Various types of low bass loudspeakers have established themselves on the market. In the following, some variants are shown - without claiming to be complete.
A freely suspended bass driver that moves air cannot produce any bass. If it moves air, air flows from behind. This "afterbass effect" does not occur with the high tones because of the extremely fast movements of the diaphragms; with low tones you react to this by screwing the chassis into a box. In the simplest case this is the closed loudspeaker.
Figure 1: Closed subwoofer
Enclosed speakers: An airtight enclosure without holes with a speaker chassis. In small rooms, where the wavelength of the bass is longer than the length of the room, the usual wave pattern does not fit anymore. Here, pressure chamber conditions prevail.

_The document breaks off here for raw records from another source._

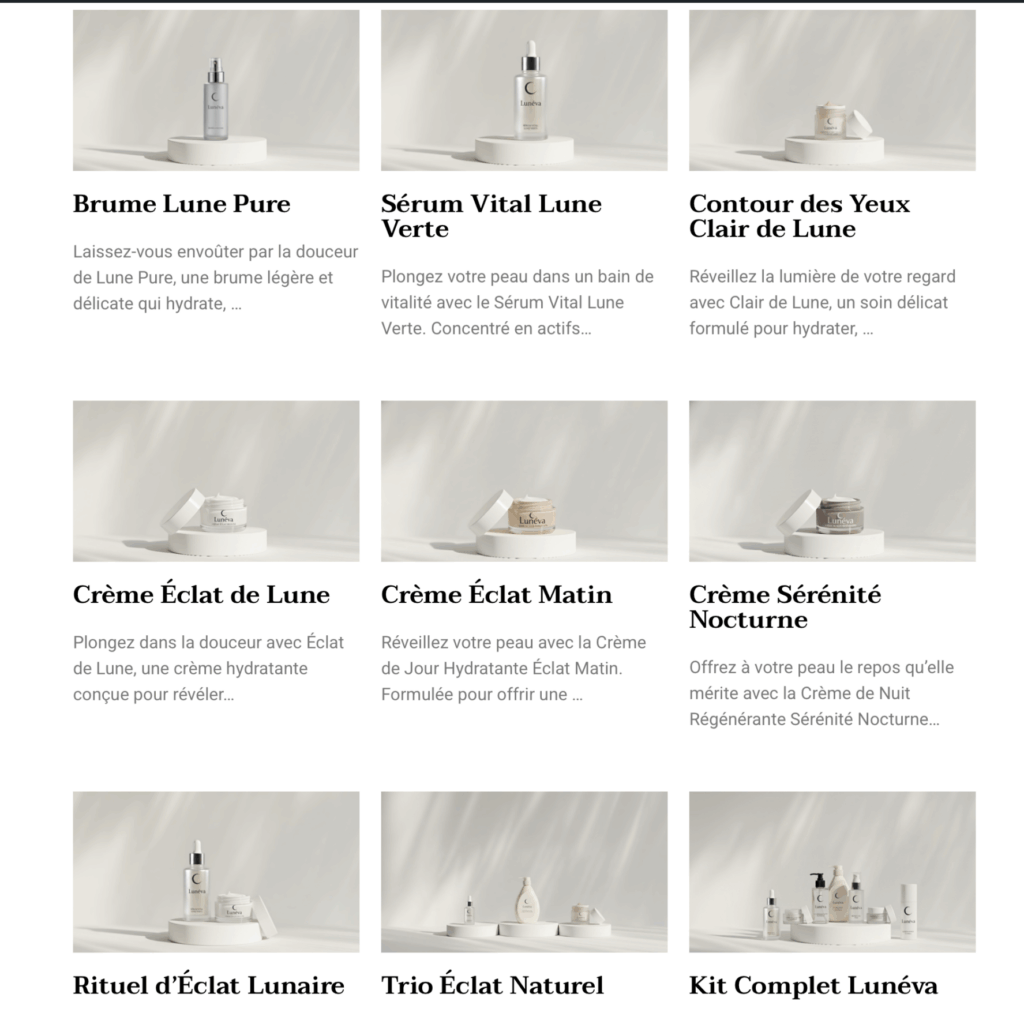 J’ai ensuite conçu la page d’accueil du site, puis une page présentant l’ensemble des produits, chacun personnalisé avec le logo et le nom du produit. Chaque article dispose d’une fiche détaillée comprenant les indications d’utilisation, les précautions, et la liste des ingrédients.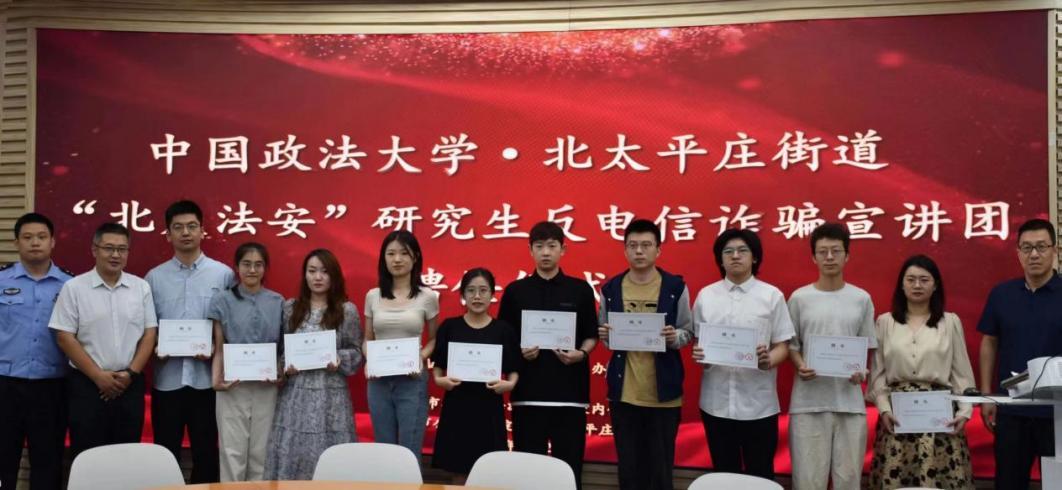 為進(jìn)一步加強(qiáng)與完善研究生社會(huì)實(shí)踐育人體系,引導(dǎo)和鼓勵(lì)中國(guó)政法大學(xué)研究生發(fā)揮專業(yè)優(yōu)勢(shì),深入基層實(shí)踐,服務(wù)基層法治建設(shè),今年3月,中國(guó)政法大學(xué)研究生工作辦公室、刑事司法學(xué)院聯(lián)合北京市公安局海淀分局北太平莊派出所共同組建“北太法安”中國(guó)政法大學(xué)研究生反電信詐騙宣講團(tuán)。6月28日,"北太法安"研究生反電信詐騙宣講團(tuán)聘任儀式在中國(guó)政法大學(xué)學(xué)院路校區(qū)舉行。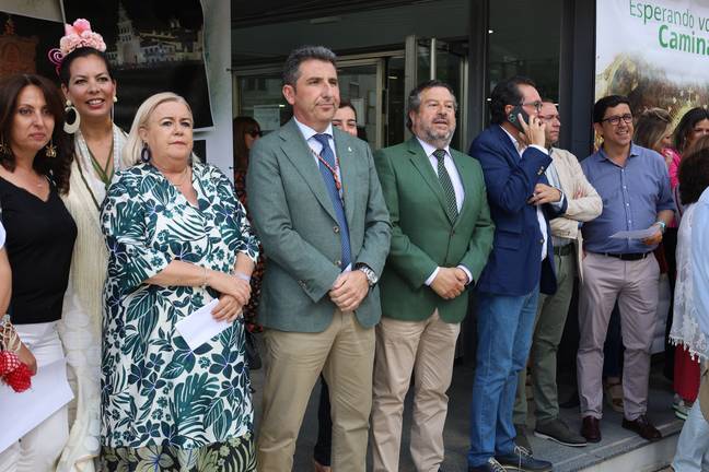 En la Diputación de Huelva, al igual que sucediera ayer con Emigrantes, la presidenta de la institución, María Eugenia Limón, lanzó los vivas a la Hermandad, al Simpecado y a la Virgen del Rocío.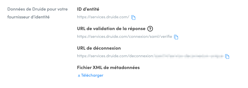 Cette section présente les informations à utiliser dans la configuration SAML du fournisseur d’identité. Ces liens ne peuvent pas être édités, seulement copiés (en cliquant sur ). Vous pouvez aussi télécharger le fichier XML de métadonnées pour une configuration automatique.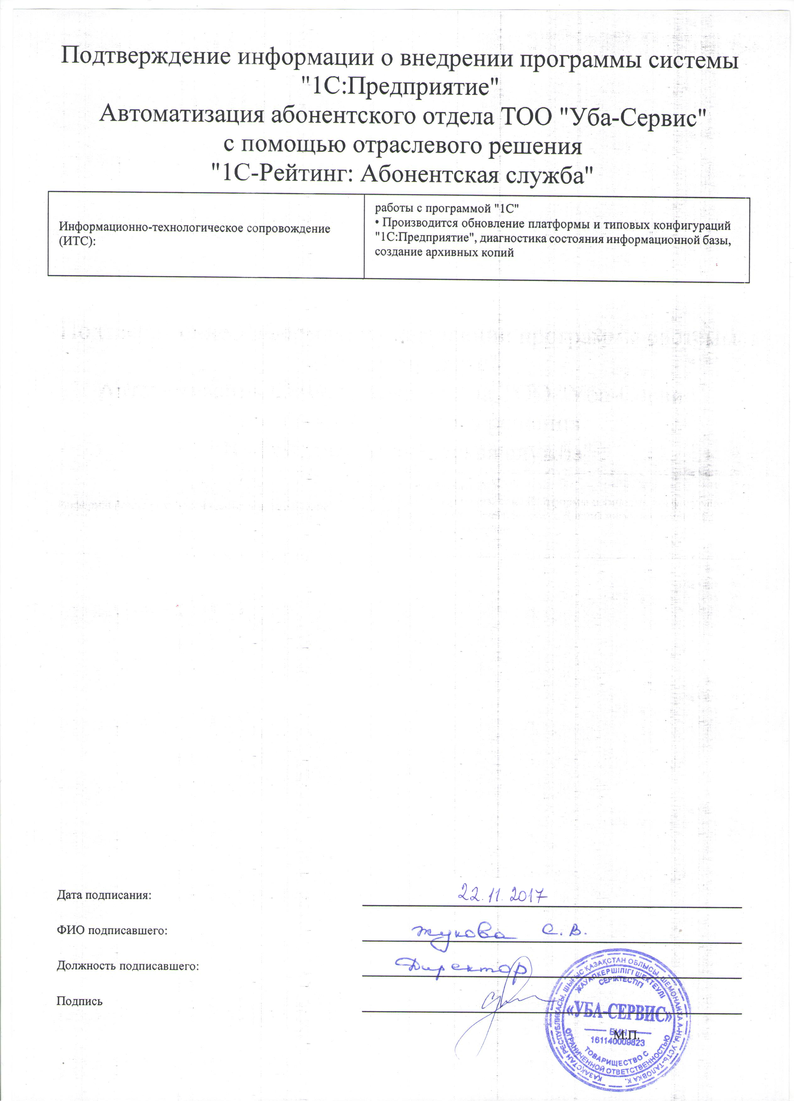 - Производится обновление платформы и типовых конфигураций 1С:Предприятие, диагностика состояния информационной базы, создание архивных копий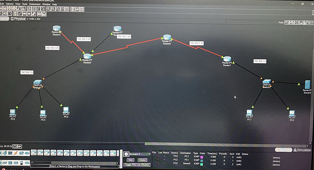 قمت بتصميم وبناء نموذج شبكة محاكاة متكامل باستخدام برنامج Cisco Packet Tracer. المشروع يوضح كيفية ربط الأجهزة المختلفة داخل بيئة عمل واحدة لضمان تواصل سريع وآمن بين الأقسام.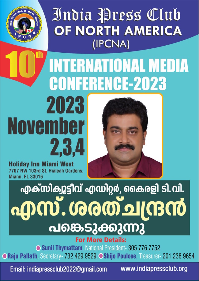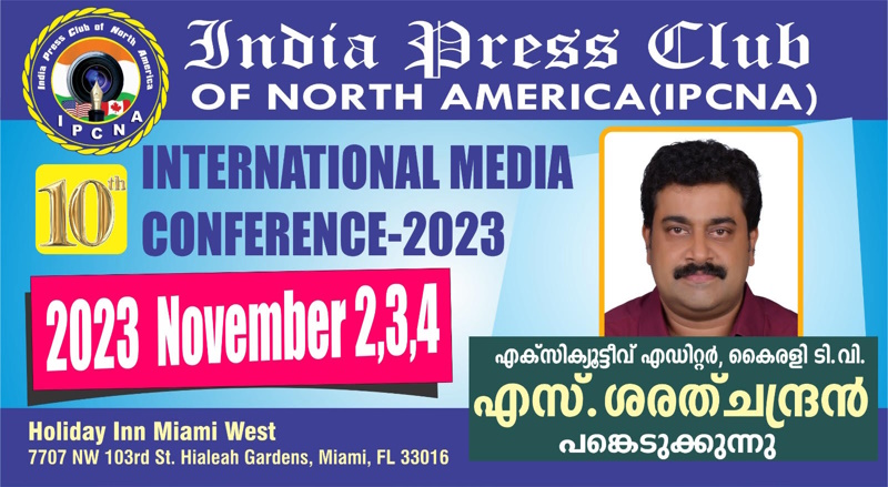 മയാമി: 2023 നവംബർ 2 മുതൽ 4 വരെ മയാമിയിലുള്ള ഹോളിഡേ ഇൻ മയാമി വെസ്റ്റ് ഹോട്ടലിൽ നടക്കുന്ന ഇന്ത്യ പ്രസ് ക്ലബ് ഓഫ് നോർത്ത് അമേരിക്ക (IPCNA ) അന്താരാഷ്ട്ര മാധ്യമ സമ്മേളനത്തിൽ കൈരളി ടി വി എക്സിക്യൂട്ടീവ് എഡിറ്റർ എസ് ശരത് ചന്ദ്രൻ പങ്കെടുക്കും.

You can imagine it more like the pressure generation in an air pump. Since the air trapped in the closed cabinet cannot escape and contribute to pressure equalisation, such speakers often work very well in small rooms - they can produce very deep bass. This effect is often exploited in vehicle sound reinforcement systems, but when windows are open, the bass becomes much weaker.
A loudspeaker that is linear downwards under free field conditions will become louder here by 12dB downwards per octave. A closed cabinet below the resonance frequency has an advantage here, your 12dB drop below this frequency correlates exactly with the rise due to the pressure chamber effect, which in practice results in a linear frequency response down to (theoretically) 0 Hz (if your room and cabinet are absolutely airtight). It should be noted that compared to very low bass most living rooms are considered small, especially small and closed rooms are also cars from the car hifi's point of view. Further advantages are a good group delay and good impulse behaviour, unfortunately some closed cabinets tend to compress at high levels.
Figure 2: Bass reflex
Bass reflex: By now almost standard. In contrast to a closed cabinet; if the sound that is not emitted towards the living room is not killed, it is let out through a tube. Cabinet volume and length of the reflex tubes should be adjusted to the driver in question in advance to avoid runtime problems. Also the resonances that occur especially with deep bass should be considered carefully. The reward is a shift of the resonance frequency downwards, under some conditions more depth and higher power handling. like closed subwoofers - as long as the pressure chamber model is not used. As a clear disadvantage: taking the reflex opening into account increases the group delay, furthermore "booming" phenomena are stronger than with closed cabinets. In the past reflex speakers were considered "imprecisely booming party speakers", but thanks to computer simulation today one can get a lot out of this principle.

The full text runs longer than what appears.